Behaviorally, severe hypomorphic cwo mutants, or even null mutants, are rhythmic. However, rhythms have a long period and amplitude is affected to diverse degrees, depending on the genetic manipulations that were used to reduce CWO levels (RNA interference (RNAi), P-element insertion, null mutation) (Kadener et al., 2007; Lim et al., 2007; Matsumoto et al., 2007; Richier et al., 2008). Most significantly, in null mutants rhythms were actually only slightly reduced in amplitudes, and persisted for at least 10 days (Richier et al, 2008). CWO therefore acts as a modulator of circadian rhythms, important for setting the proper pace of the circadian clock, but it is not required for circadian rhythms to occur and to persist.

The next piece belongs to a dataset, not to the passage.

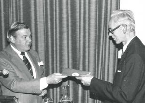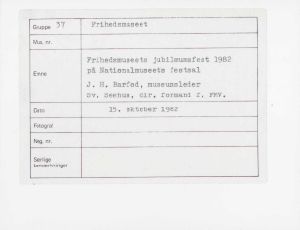 Maskingenkendt tekst fra fotokuvert: Frihedsmuseets jubilæumsfest 1982 på Nationalmuseets festsal J. H. Barfod, museumsleder Sv. Seehus, dir. formand f. FMV.

Figure 5 Interlocked feedback loops. The PER feedback loop is modulated by cwo, which is itself regulated by this loop. CWO is a transcriptional repressor, but it also appears to be necessary for full activation of a subset of CLK/CYC regulated genes (dotted arrow). A second loop is attached to the PER loop. VRI and PDP1 generate circadian transcriptional rhythms peaking early during the light phase (left), in antiphase of those generated by the PER loop (right).
It should be noted that there are other members of the bHLH/Orange family. It is thus possible that one of them could partially substitute for CWO (Matsumoto et al., 2007), but whether this indeed happens has not yet been reported.